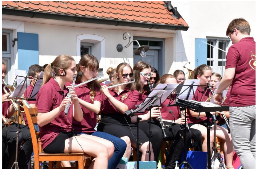
Die Jugendkapelle des Musikvereins Donauklang

Am Freitag, den 16.10.2020, von 19.00 bis ca. 20 Uhr werden anhand verschiedener Musikstücke die einzelnen Blas- und Schlaginstrumente in ihrer Funktion innerhalb des Orchesters vorgestellt und die typischen Spieltechniken und Klangeigenschaften der verschiedenen Instrumentengruppen erläutert.
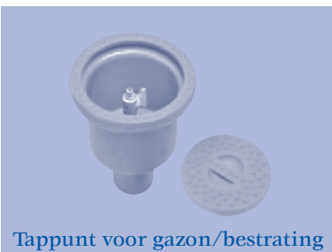
Tappunt voor gazon/bestrating
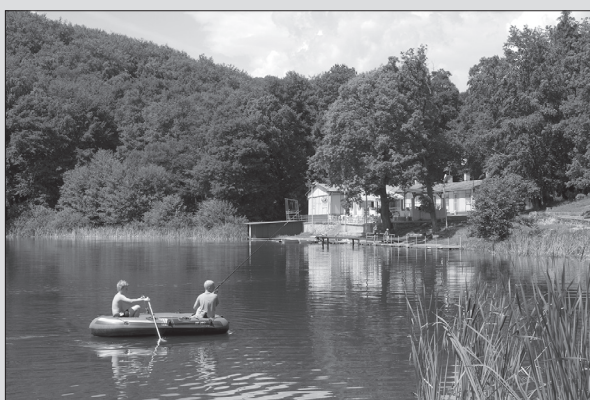
Jazero Izra v Slanských vrchoch
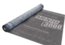
SOLITEX MENTO Aluskatteet
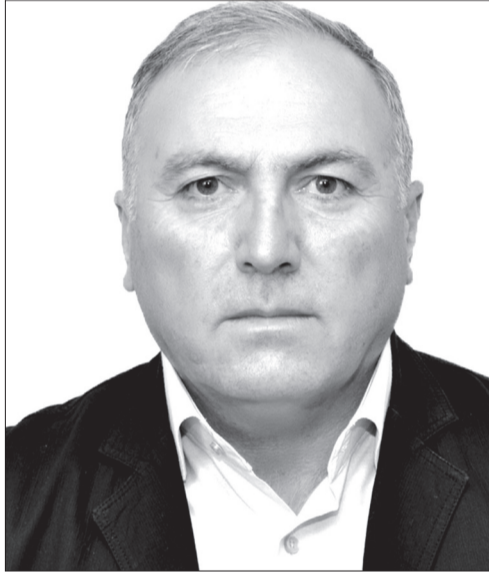
მალხაზ მოშია (ნაციონალური მოძრაობა)

დაიბადა 1968 წლის 20 ოქტომბერს დაბა ასპინძაში. 1974-1983 წლებში სწავლობდა ასპინძის საშუალო სკოლაში; 1983-1986 წლებში – ქ.თბილისის სამხედრო სკოლა-ლიცეუმში. 1990 წელს დაამთავრა ქ. დონეცკის საინჟინრო და კავშირგაბმულობის უმაღლესი სამხედრო-პოლიტიკური სასწავლებელი. 1990-1992 წლებში საბჭოთა შეიარაღებული ძალების ასეულის მეთაურის მოადგილეა; 1993-1999 წლებში – 22-ე მექანიზირებული ბრიგადის შტაბის ოპერატიული განყოფილების ოფიცერი, ქვედანაყოფის უფროსი, სატანკო ბატალიონის მეთაური, მოტომსროლელი ბრიგადის მეთაურის მოადგილე; 1998-2001 წლებში სწავლობს თურქეთის შეიარაღებული ბრიგადის კოლეჯში; 2001-2003 წლებში დაინიშნა მე-11 მექანიზირებული ბრიგადის 2003-2004 წლებში – თავდაცვის ეროვნული აკადემიის შტაბის უფროსად 2004-2005 წლებში თავდაცვის ეროვნული აკადემიის პირველი პროექტორი – სამხედრო სასწავლებლის უფროსი, ხოლო 2005-2006 წლებში – პროექტორი სამხედრო სასწავლებლის მუშაობის დარგში; 2006-2008 წლებში დაინიშნა თავდაცვის ეროვნული აკადემიის უფროსად (რეკტორად), 2008-2009 წლებში გადაწყვეტილი შეიარაღებული ძალების J-1 პ/მ დეპარტამენტის უფროსად, შემდეგ ეროვნული გვარდიის დეპარტამენტის უფროსის პირველ მოადგილედ, თავდაცვის ეროვნული აკადემიის მეთაურის მოადგილედ. 2012 წელს გაიარა დიდი ბრიტანეთის სამხედრო სამეფო აკადემიის სტრატეგიული ლიდერობის კურსი და ინიშნება საქართველოს თავდაცვის მინისტრის მრჩეველად; 2012-2016 წლებში მე-8 მოწვევის პარლამენტის წევრია. მიღებული აქვს სახელმწიფო ჯილდოები.
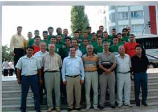
Futbol Sezon Açılışı
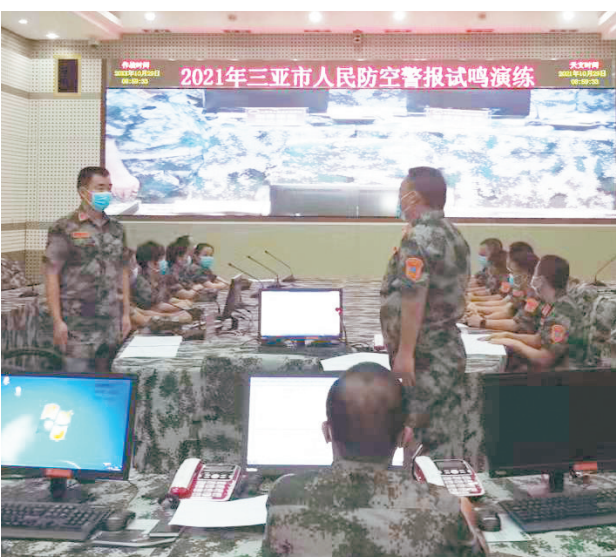
▲指挥员在组织指挥防空警报试鸣及演练活动。
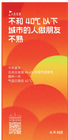
图1 《中国城市气候沸腾榜》海报图

几十种主题海报（见图1），供受众在社交媒体或微信“朋友圈”中进行二次加工与传播，用以叙述炎热夏天的故事。受众二次传播的内容便是基于受众自己认知解读的不同故事。这也可以视为气象科普创作者和受众的创造性协作，双方以不同的视角共同对气象科技资源进行再诠释和再创作，使气象科普呈现更加丰富和立体的面貌。
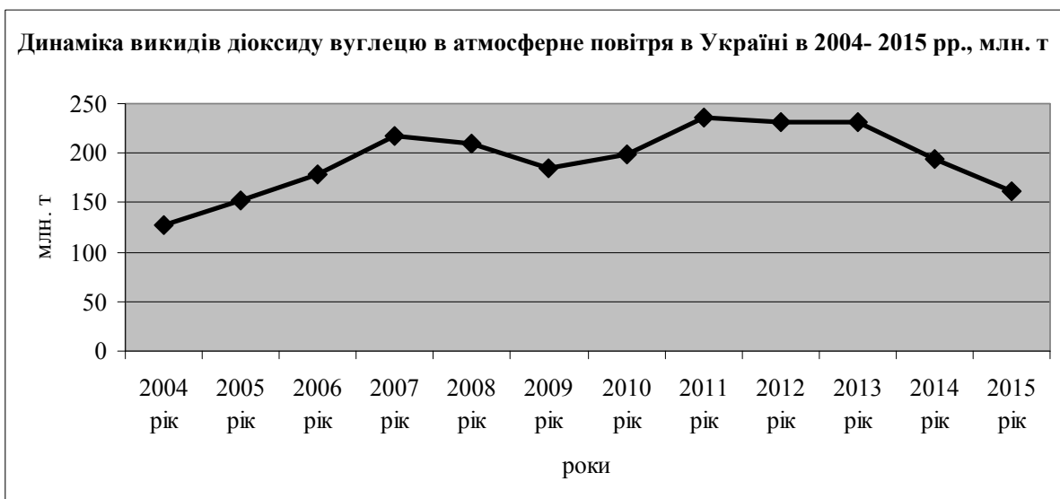
Рис. 1. Витрати на охорону та використання природних ресурсів України за напрямками в 2015 р., тис. грн. [1]

По-третє, підписання в березні 2015 р. Угоди між Україною і Європейським Союзом про участь України у Рамковій програмі ЄС із наукових досліджень та інновацій «Горизонт 2020». Участь України у цій програмі передбачає доступ до всього
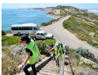
▲自然保護活動風景
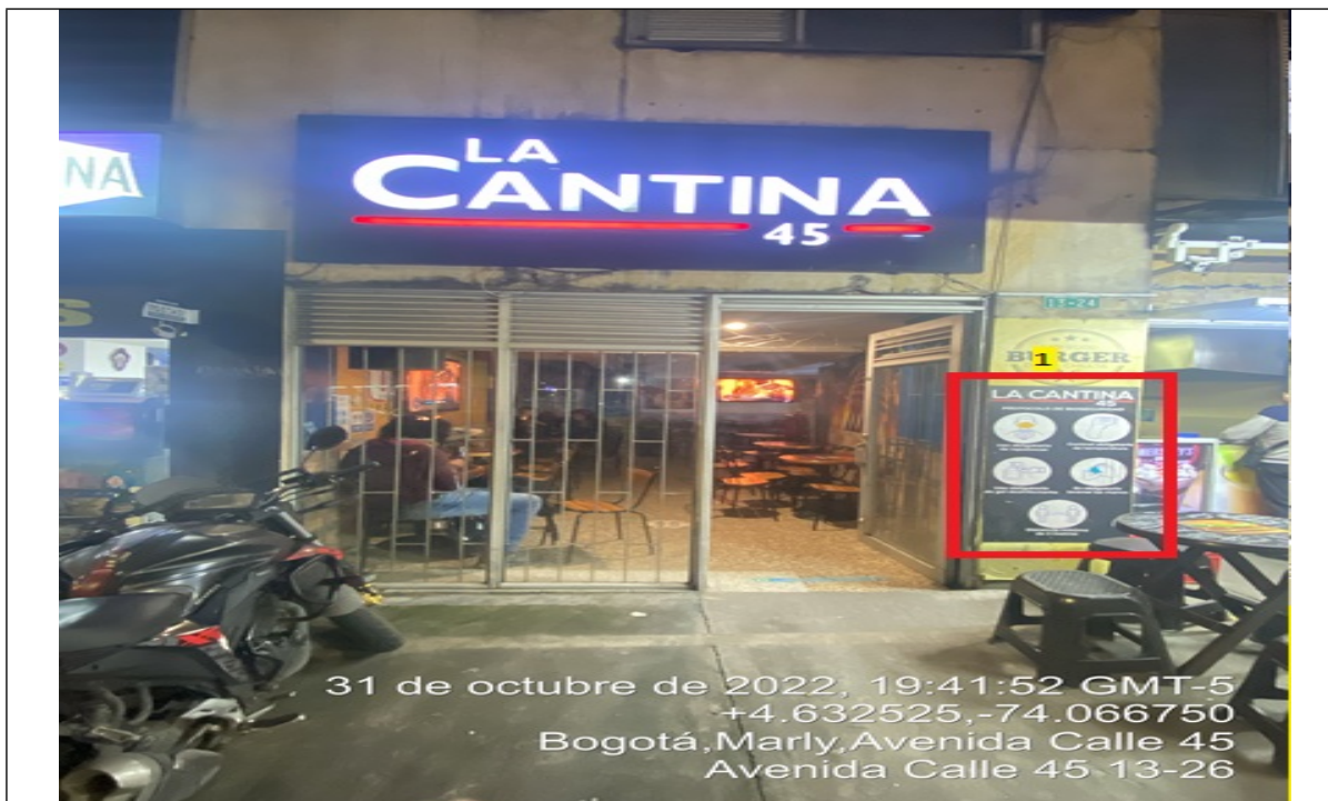
En la cual se evidencia un (1) elemento PEV pertenecientes al establecimiento comercial LA CANTINA 45 , el cual es adicional al único elemento permitido por fachada de establecimiento comercial.
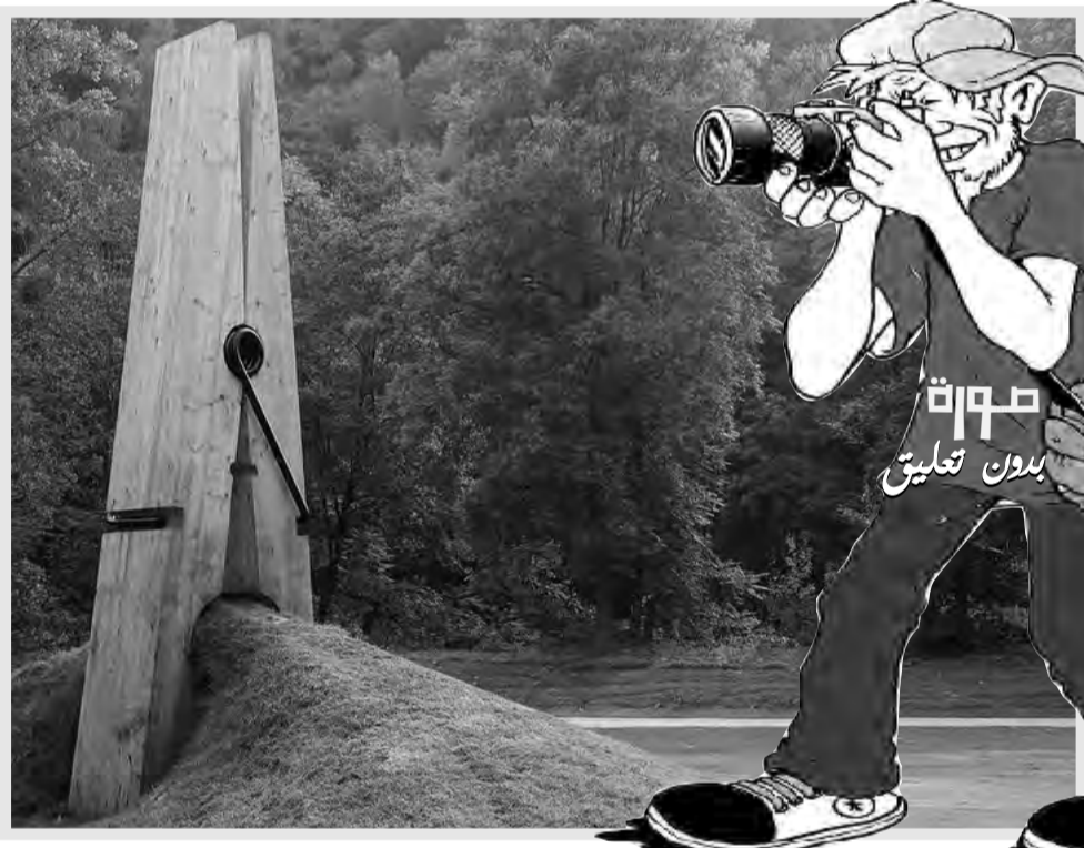
صورة بدون تعليق

أظهر استطلاع للرأي أجرته شركة "أصداء بي سي ديليو" أن أكثر من نصف الشباب العربي في دول شرق المتوسط وشمال إفريقيا يحاولون الهجرة من بلدانهم أو يفكرون جديا في ذلك، ووفق الاستطلاع - الذي نشرت نتائجه قبل أيام - فإن 53% من المستجوبين في دول شرق المتوسط، و48% في دول شمال إفريقيا يريدون مغادرة بلدانهم لبحث عن فرص أفضل ولا سيما فرص العمل، أما الجهات المفضلة للراغبين في الهجرة فهي كندا (34%)، ثم الولايات المتحدة (30%)، وألمانيا والمملكة المتحدة (20% لكل منهما)، وفرنسا (17%). وتأتي التطلعات للهجرة في سياق مشهد اقتصادي قاتم في العديد من الدول العربية، إذ قال 72% من الشباب في شرق المتوسط (العراق، الأردن، لبنان، فلسطين، سوريا، اليمن)، و62% في شمال إفريقيا (الجزائر، مصر، ليبيا، المغرب، السودان، جنوب السودان، تونس)، إن اقتصاد بلدانهم يسير في الاتجاه الخاطئ، لكن رغم أن العوامل الاقتصادية كانت السبب الرئيسي للغبة في الهجرة، فقد كشف الاستطلاع عن دوافع أخرى ذات طابع أممي وسياسي.

==============================

Try it: Provide an exact copy of only the lines from the beginning of the entries through the line containing "მალხაზ მოშია (ნაციონალური მოძრაობა)", both ends included, with no pictures.

The completed task:
Die Jugendkapelle des Musikvereins Donauklang

Am Freitag, den 16.10.2020, von 19.00 bis ca. 20 Uhr werden anhand verschiedener Musikstücke die einzelnen Blas- und Schlaginstrumente in ihrer Funktion innerhalb des Orchesters vorgestellt und die typischen Spieltechniken und Klangeigenschaften der verschiedenen Instrumentengruppen erläutert.
Tappunt voor gazon/bestrating
Jazero Izra v Slanských vrchoch
SOLITEX MENTO Aluskatteet
მალხაზ მოშია (ნაციონალური მოძრაობა)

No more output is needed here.